* Task goal *
As the answer, give exactly the lines of the records below from the one with "1月2日,《告臺灣同胞書》發" through the one with "日焼け防止 紫外線対策[6 カラー", ends included and pictures left out.

· · · ·

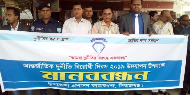 আমরা দুর্নীতির বিরোধে একতাবদ্ধ,এই স্লোগানকে সামনে নিয়ে আন্তর্জাতিক দুর্নীতি বিরোধী দিবস ২০১৯ উদযাপন উপলক্ষে সিরাজগঞ্জের কামারখন্দ উপজেলায় মানববন্ধন ও শিক্ষা প্রতিষ্ঠানের শিক্ষক শিক্ষার্থীরা, উপজেলা প্রশাসনের সদস্যসহ বিভিন্ন শ্রেণীর মানুষ গণস্বাক্ষর করেন।
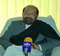 - ↑ AFGHANISTAN-POLITICS-SWORN-KARZAI „Newly elected transitional president, Hamid Karzai (L) sworns Afghanistan's new transitional cabinet at the presidential palace in Kabul, 24 June 2002. Karzai, has so far named a team of 28 ministers and attempted to give it an appearance more representative of Afghanistan's ethnic makeup, but it remains nevertheless dominated by ethnic Tajik Panjshiris who were loyal to deceased Northern Alliance commander Ahmed Shah Masood. AFP PHOTO/Philippe LOPEZ (Photo by PHILIPPE LOPEZ / AFP) (Photo by PHILIPPE LOPEZ/AFP via Getty Images)“
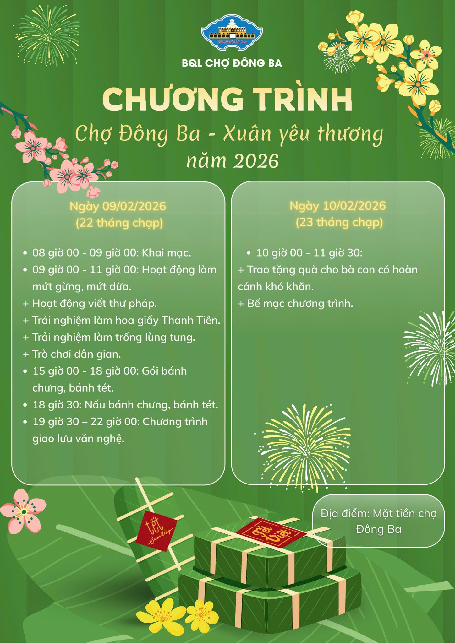 Khai mạc: 8h00, ngày 09/02/2026 (22 tháng Chạp)
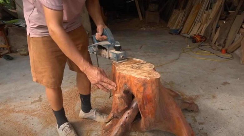 В данном случае автор использовал старый выкорчеванный пень с толстыми корнями. Бензопилой срезаем макушку до необходимой высоты, после чего выравниваем поверхность с помощью электрорубанка.
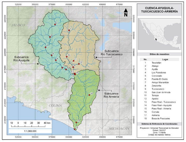 El río Ayuquila-Armería está situado en Jalisco y Colima, en la región occidental del país, entre las coordenadas geográficas 18° 51’ 05” a 20° 28’ 03” N y 104° 38’ 17” a 103° 34’ 41” O. Tiene una superficie de 10 257 kilómetros cuadrados, y tiene su origen en la confluencia de los ríos Ayuquila y Tuxcacuesco. Luego de la confluencia se le llama río Armería hasta su ingreso al estado de Colima. Su recorrido abarca una distancia de 321 kilómetros, partiendo de su punto más alto a una altitud de 3290 metros y terminando en su desembocadura en Boca de Pascuales en Colima (Cotler et al., 2010). La cuenca presenta un clima cálido subhúmedo, templado subhúmedo y semicálido subhúmedo, todos caracterizados por precipitaciones estivales. La temperatura media anual está entre 14-28 ºC, y la precipitación total anual oscila entre 700-2000 mm, representando la evaporación el 80-90% de la precipitación total (Meza-Rodríguez et al., 2017) (Figura 1).
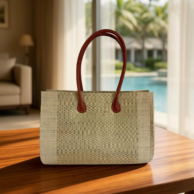 Gloria is made using a woven straw for strength and a woven raffia outer which has a gold “shine” throughout.
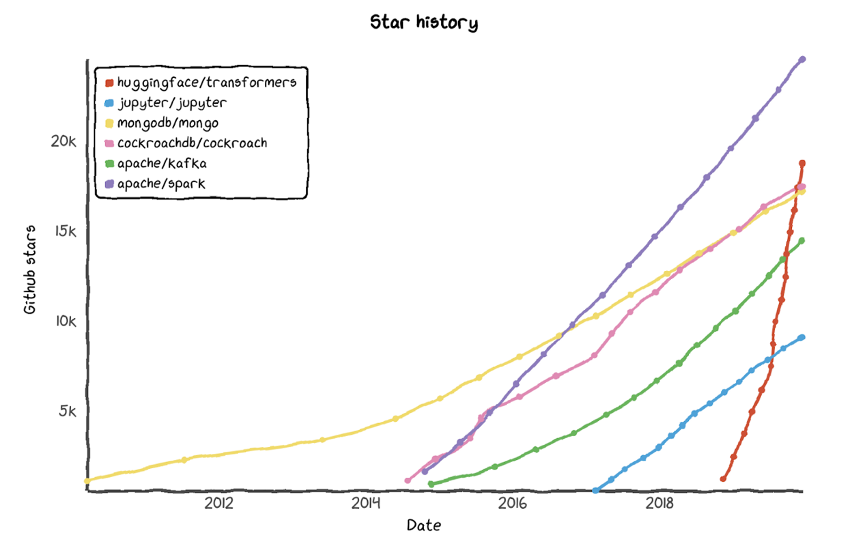 Hugging Face在Github上的Star曲线,图片来自于Lux Capital
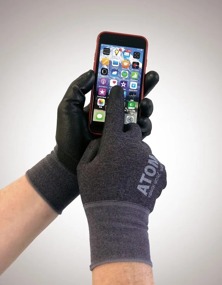 ナイロン18ゲージ編みで薄くて素手感覚の使い心地です。適度なグリップ効果のあるポリウレタン樹脂コーティング。親指・人差し指の2本はタッチパネル対応。
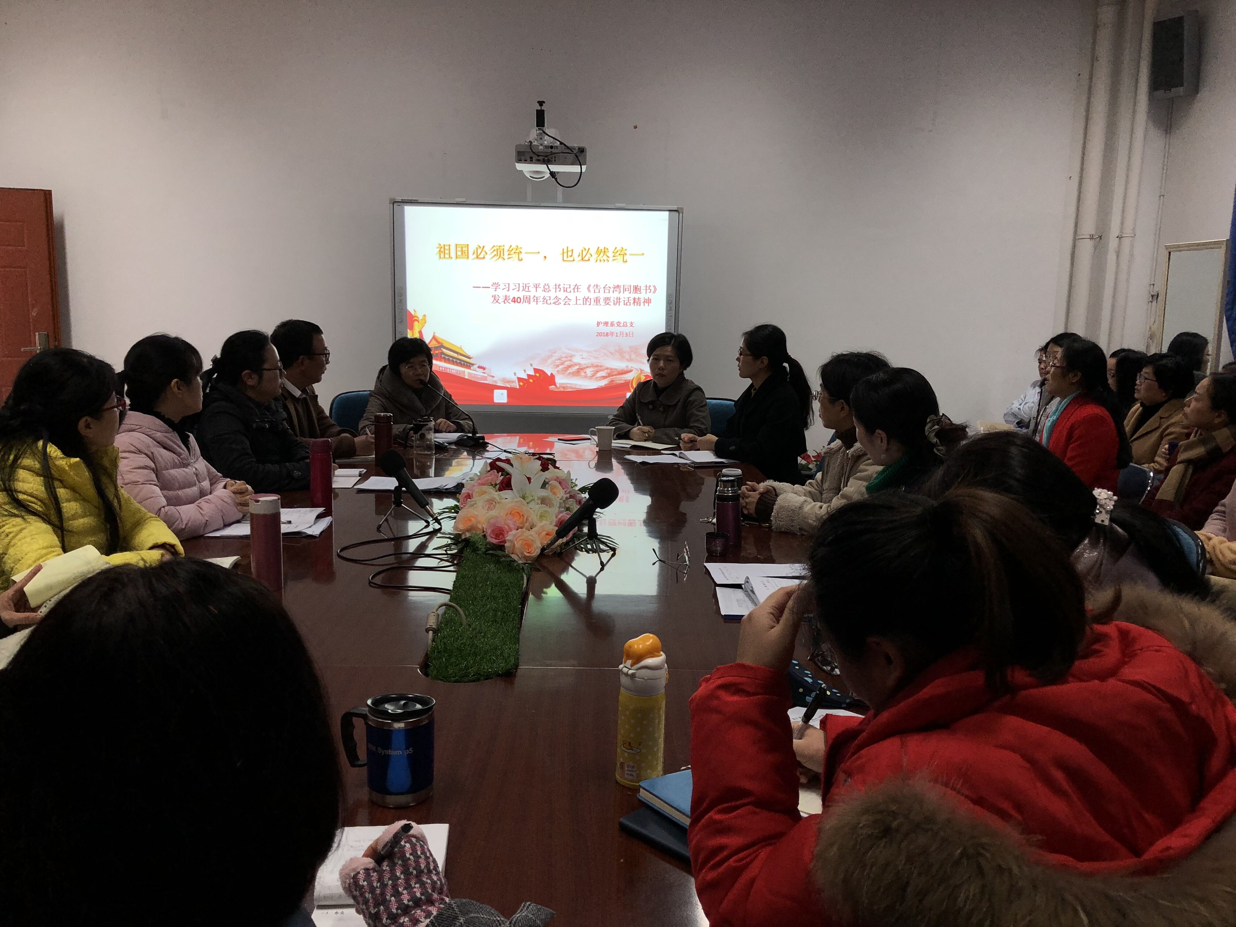 1月2日,《告臺灣同胞書》發表40周年紀念會在北京人民大會堂舉行,習近平總書記出席紀念會并發表重要講話。為充分學習領會習近平總書記的重要講話精神,2019年1月3日,護理系黨總支于護理系301會議室組織學習了習近平總書記在《告臺灣同胞書》發表40周年紀念會上的重要講話精神。此次會議由護理系黨總支謝濤書記主持,護理系全體教職工參加了此次學習。
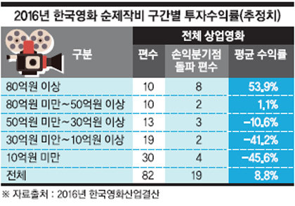 제작비가 낮을수록 평균 수익률의 적자폭은 더욱 커진다. 지난해 제작비 10억원 미만 영화는 30편. 단위별 분포(표 참조)로는 제작편수가 가장 많지만, 평균 수익률은 -45.6%로 최저치다. 10억원 이상∼30억원 미만 영화 19편의 평균 수익률 역시 -41.2%다.
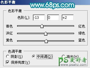 4、创建色彩平衡调整图层,参数设置如图9,效果如图10。
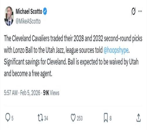 反复饱受伤病困扰的鲍尔,本赛季表现下滑严重,骑士队不得不打包两枚次轮签将他价值1000万美元的合同送出去,爵士官方也火速将其裁掉。
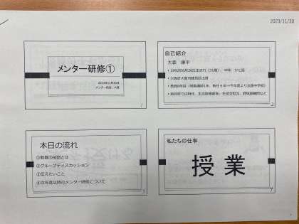 昨日は期末テストの2日目が終わってから、本校メンター担当の大森先生による、若手教職員対象の第二回メンター研修が行われました。
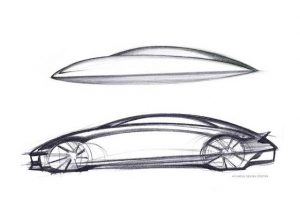 - El boceto adelanta la silueta aerodinámica característica de la nueva era de los vehículos eléctricos de Hyundai
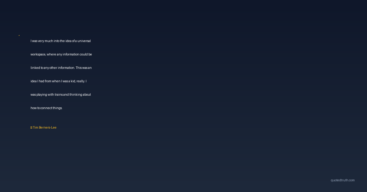 I was very much into the idea of a universal workspace, where any information could be linked to any other information. This was an idea I had from when I was a kid, really. I was playing with trains and thinking about how to connect things.
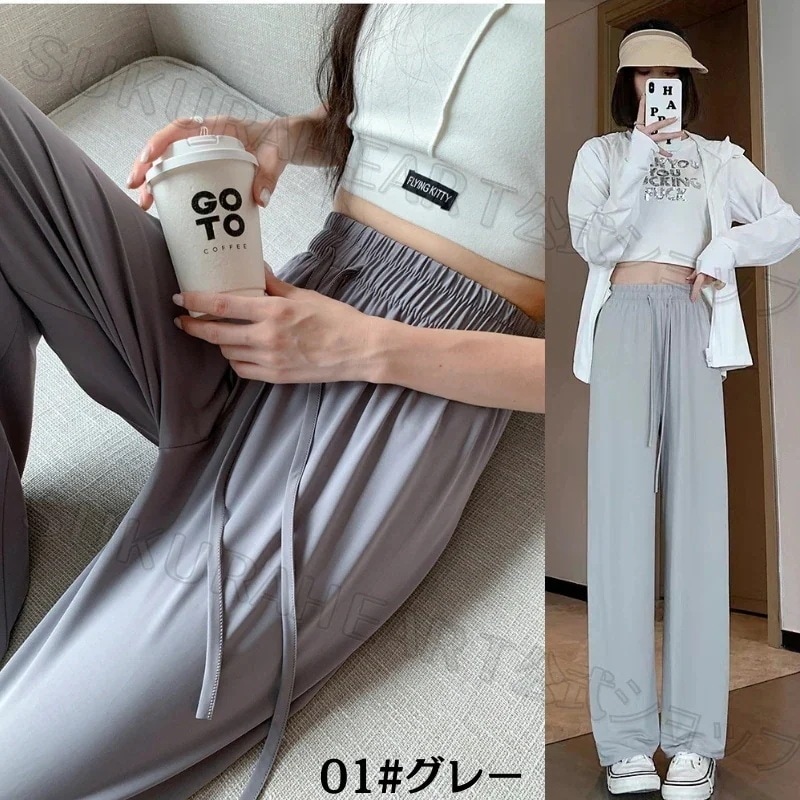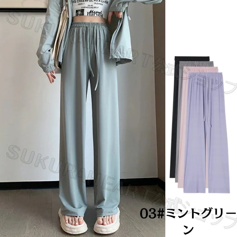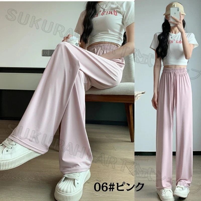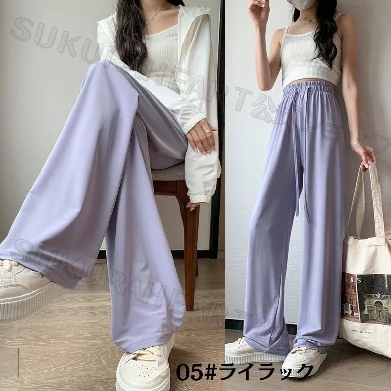 【2点購入で200OFF】韓国 接触冷感!夏 UVアイスシルク ワイドパンツ レディース スウェットパンツ ストレッチウエスト引き締め 軽量で風通しの良い 脚を美し 日焼け防止 紫外線対策[6 カラー
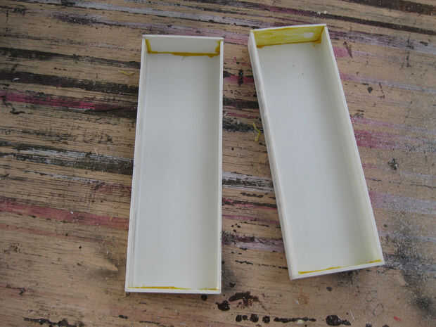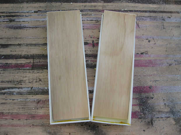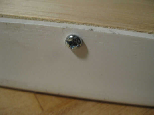 Hice la parte inferior de un trozo de madera contrachapada de 1/4". Corte 3 5/8 "x 11 7/8" por lo que cabe perfectamente en la caja. He marcado un agujero de 2" en cada extremo y perforó un agujero piloto. Usé 4 tornillos pequeños para sostener la parte inferior en la caja. He añadido pequeñas de fieltro a la parte inferior para proteger las superficies.
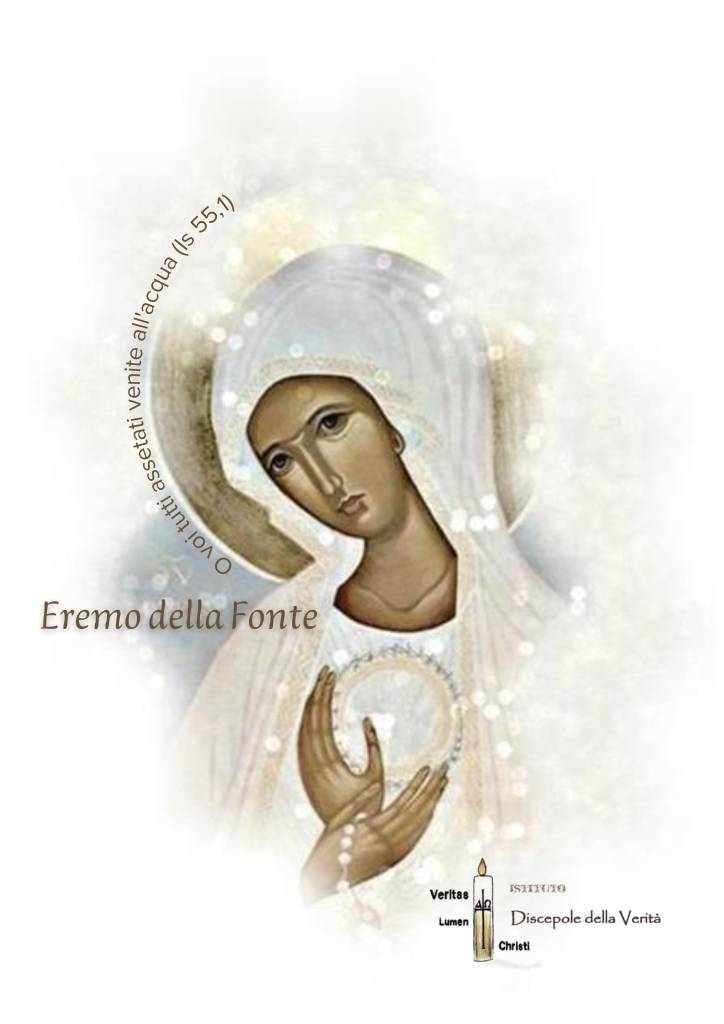 L’Eremo della Fonte è concepito dunque come luogo di spiritualità separato dal mondo dove chi cerca la pace del cuore può fare esperienza di vita eremitica insieme alle sorelle che vivono sul posto. Un luogo di fraternità dove gioire del Dono di Dio crescendo nelle conoscenze sulla Divina Volontà e dove vivere unicamente per ritornare al progetto originario del Creatore: essere in Gesù e con Gesù, piccoli figli che, uniti e accuditi dalla Mamma Regina, vivono felici tra le braccia del Padre.
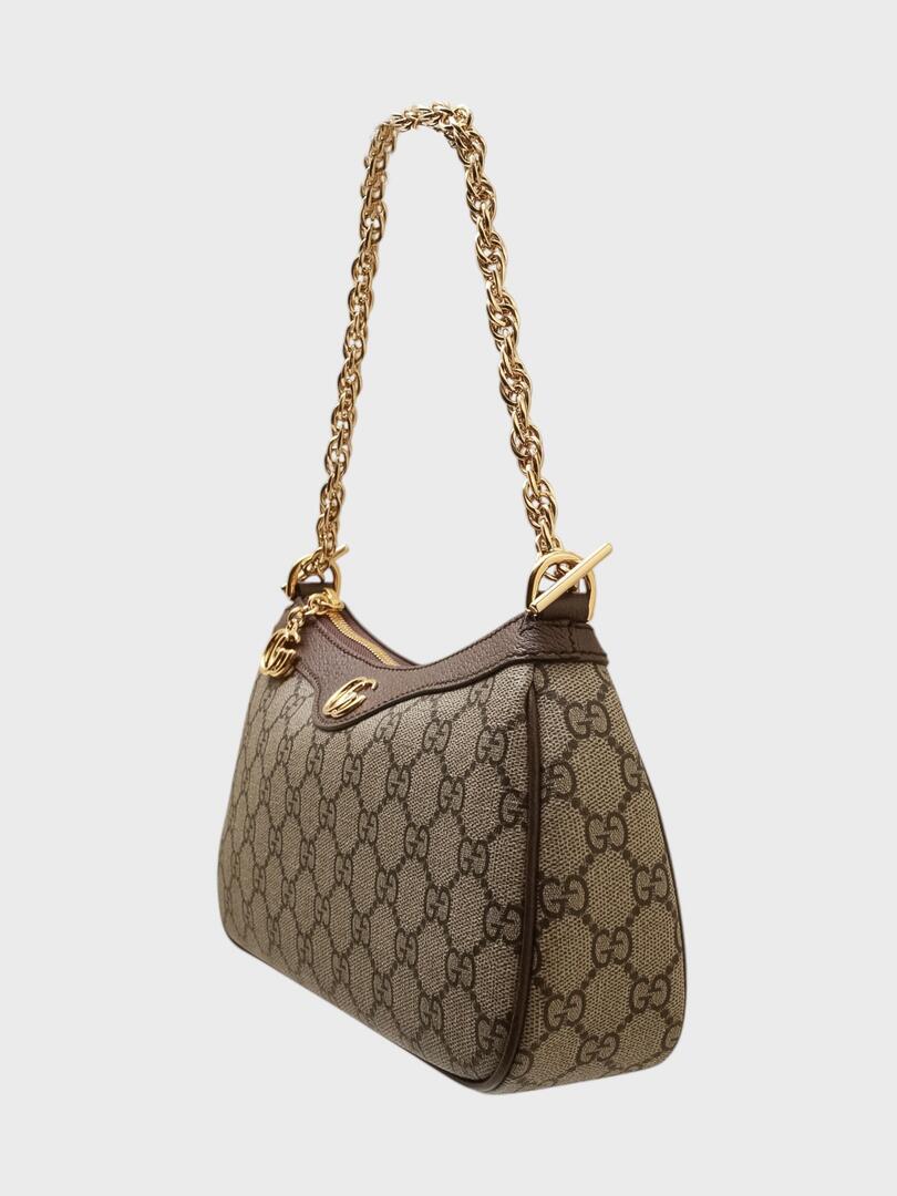 Сумка Gucci выполнена из высококачественного GG Supreme канваса с фирменным монограммным принтом, дополненным кожаными вставками. Модель оснащена золотистой цепью и ремнем-цепочкой, а также декорирована двойным G-логотипом из металла. Застежка-молния обеспечивает надежное хранение вещей, а внутреннее отделение рассчитано на ежедневные аксессуары. Стильный дизайн и качественные материалы делают эту сумку идеальным выбором для современных модниц, предпочитающих сочетание классики и актуальных трендов. высококачественный текстиль Погрузитесь в мир итальянской роскоши с коллекциями Gucci. Каждое изделие бренда — это сочетание безупречного качества, элегантного дизайна и инновационного подхода. Будь то культовая сумка GG Marmont, стильный жакет или элегантное платье, продукция Gucci подчеркнёт вашу индивидуальность и создаст неповторимый образ.

· · · ·

* Written solution *
 1月2日,《告臺灣同胞書》發表40周年紀念會在北京人民大會堂舉行,習近平總書記出席紀念會并發表重要講話。為充分學習領會習近平總書記的重要講話精神,2019年1月3日,護理系黨總支于護理系301會議室組織學習了習近平總書記在《告臺灣同胞書》發表40周年紀念會上的重要講話精神。此次會議由護理系黨總支謝濤書記主持,護理系全體教職工參加了此次學習。
 제작비가 낮을수록 평균 수익률의 적자폭은 더욱 커진다. 지난해 제작비 10억원 미만 영화는 30편. 단위별 분포(표 참조)로는 제작편수가 가장 많지만, 평균 수익률은 -45.6%로 최저치다. 10억원 이상∼30억원 미만 영화 19편의 평균 수익률 역시 -41.2%다.
 4、创建色彩平衡调整图层,参数设置如图9,效果如图10。
 反复饱受伤病困扰的鲍尔,本赛季表现下滑严重,骑士队不得不打包两枚次轮签将他价值1000万美元的合同送出去,爵士官方也火速将其裁掉。
 昨日は期末テストの2日目が終わってから、本校メンター担当の大森先生による、若手教職員対象の第二回メンター研修が行われました。
 - El boceto adelanta la silueta aerodinámica característica de la nueva era de los vehículos eléctricos de Hyundai
 I was very much into the idea of a universal workspace, where any information could be linked to any other information. This was an idea I had from when I was a kid, really. I was playing with trains and thinking about how to connect things.
 【2点購入で200OFF】韓国 接触冷感!夏 UVアイスシルク ワイドパンツ レディース スウェットパンツ ストレッチウエスト引き締め 軽量で風通しの良い 脚を美し 日焼け防止 紫外線対策[6 カラー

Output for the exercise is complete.